You are misunderstanding why I am quoting this maneuver. There are 3 practical things you can alter to shake your opponent:
1. Your rate of forward movement
2. Your orientation
3. Your rate of perpendicular thrust, for turns
While there is no
drag in space, you would generally want to change
all 3 parameters at once in order to shake your opponent. That's a Chandelle turn, or the inverse of one if you're speeding up instead of slowing down. I'm just replacing drag and lift with Thrust. The maneuver isn't any different just because space is a void.
Finally,
Traveller ships do not need to flip to slow down. Not according to Mongoose, anyway.[/quote]
That's not a correct statement. MGT, CT and the others all postulate a reaction-based drive system and newtonian movement. So the rule has always been you accelerate half way to your destination and then flip and decelerate to come to a stop - assuming you are wanting to stop. Mainstream Traveller has never postulated a reactionless drive universe.
Thrusters should be incapable of the same amount of energy required from main engines (hence the label 'main'). While aerial maneuvers are similar in space, they still require a change of mindset to offset the differences in place. Aerial maneuvers can count on drag, space maneuvers require equal amounts of thrust energy to offset the previous one - which is a primary factor considering you need main engines to offset main engines. Plus 'shaking' your enemy on your tail becomes much different when you can maintain your current velocity and direction while spinning in place to bring your weapons to bear. In that sense you can never elude them unless your rate of thust is greater. And then it's a matter of how fast you can pull away (all the while being shot at).
What the game system has done is collapse much of the actual science down into a far more simpler model to speed gameplay and enhance the fun factor. 'Dogfights' in space, using real spacial maneuver physics would be rather funny to watch I think. In Traveller a space combat turn is 6 minutes. The idea is that any craft can spin on it's axis, bring even spinal mounts to bear, and then spin back and engage main drives to continue its path. I actually doubt multi-thousand ton ships are going to have THAT capability, but I don't see that part of the game system ever changing. It would have to be revamped and moved to a board-style with turning rates and everything. And even then, assuming you wanted to maintain realism, you would have to keep track of thrust-turns because in order to change directions you'd have to provide equal thrust in the opposite direction just to slow down. Otherwise your turns would be quite far and wide.

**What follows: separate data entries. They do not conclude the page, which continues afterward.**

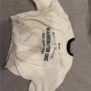 Cozy cream sweater with navy details. Features bold graphic print. Ideal for casual wear.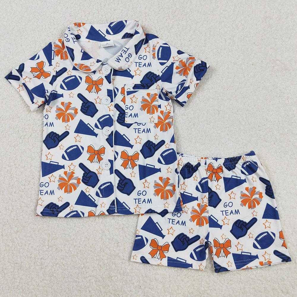 Baby Girls Pajamas Cheer Navy Football Button Top Shorts Sleepwear Sets GSSO2675 9.2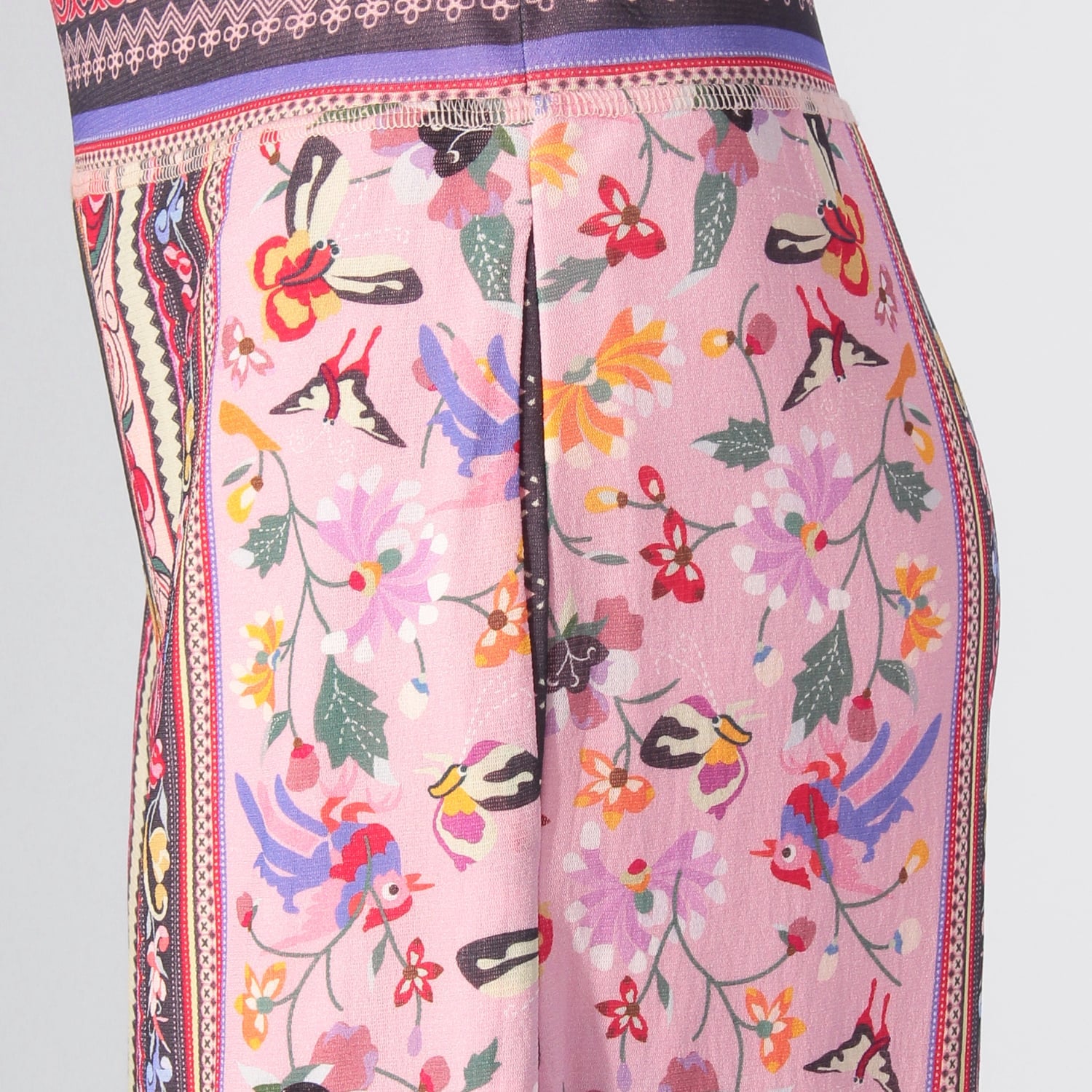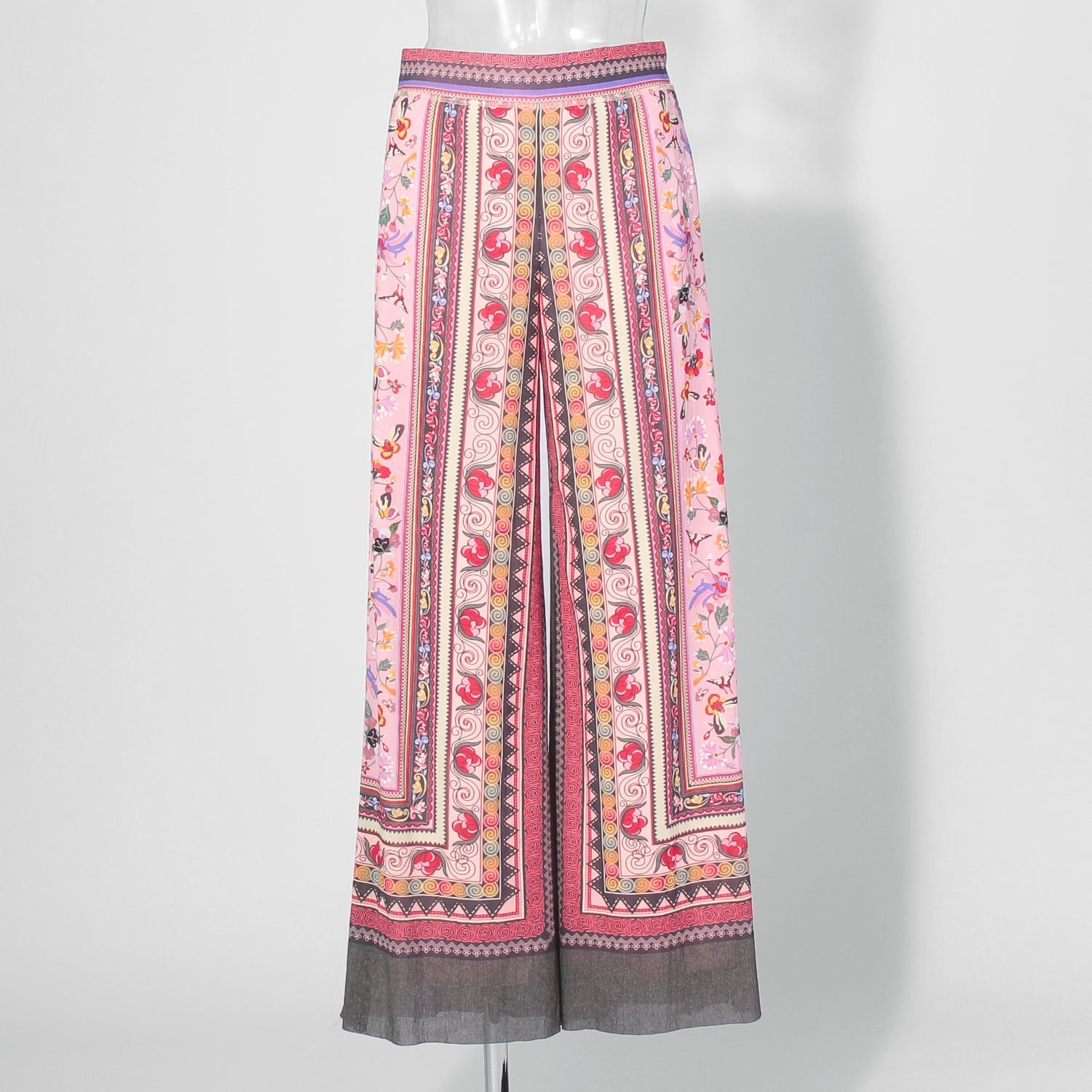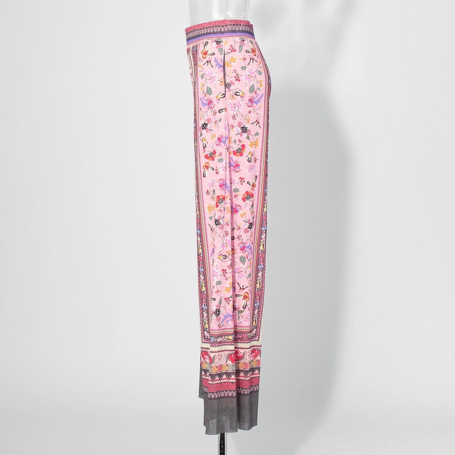 オールドラグからインスピレーションを受けた、伝統的なプリントが目を引くワイドパンツ。華やかなピンクにイエローやグレーの締め色を効かせており、洗練された雰囲気ではきこなせます。生地にはしなやかな肌触りのナイロン素材を使用しました。同シリーズのトップスと合わせた、セットアップスタイルもおすすめです。

Though one could fairly argue trailing at 20,000km while you both tried to turn is the space equivalent of being on someone's tail.
phavoc said:
This is exactly the definition of a Maneuver Drive, according to Mongoose. Internal, but not external, of course. It uses Thrust in all directions in order to maneuver the craft. Rolling, Pitching, Yawing, and all Translation included.

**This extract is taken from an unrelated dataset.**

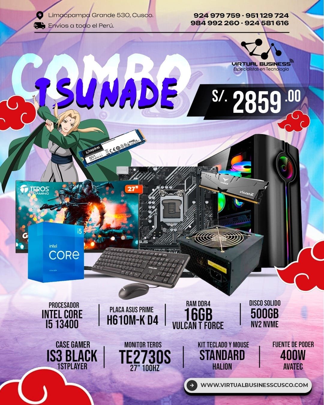 El Combo Gamer Tsunade es la elección perfecta para quienes buscan un equipo potente y confiable. Descubre más en nuestra categoría de combos PC o consulta los detalles de los productos en sus respectivas páginas oficiales:

No, it's not. Maneuver drives operate the same as reaction-based, they are at the rear of the craft and 'push' it forward - just don't go digging any deeper because there's no underlying physic framework to explain it. Accept it and move on. And that's how it's been with every version, including MGT. I have looked before and it's hard enough to even find bare mention of thrusters anywhere. With the new emphasis on the extra speed bonus made available by reaction drives this tenet is only being reinforced (personally I don't think the path they are going down is a good one, but I've already voted and been overruled on that one - it's sci-fi, and people want more zip using high-burn thrusters).
The combat system has never gone into that sort of detail regarding maneuvers during combat. It's always been at a high level and not necessarily even a correct reflection of the physics universe model that has already been defined. We use the stripped-down gaming version.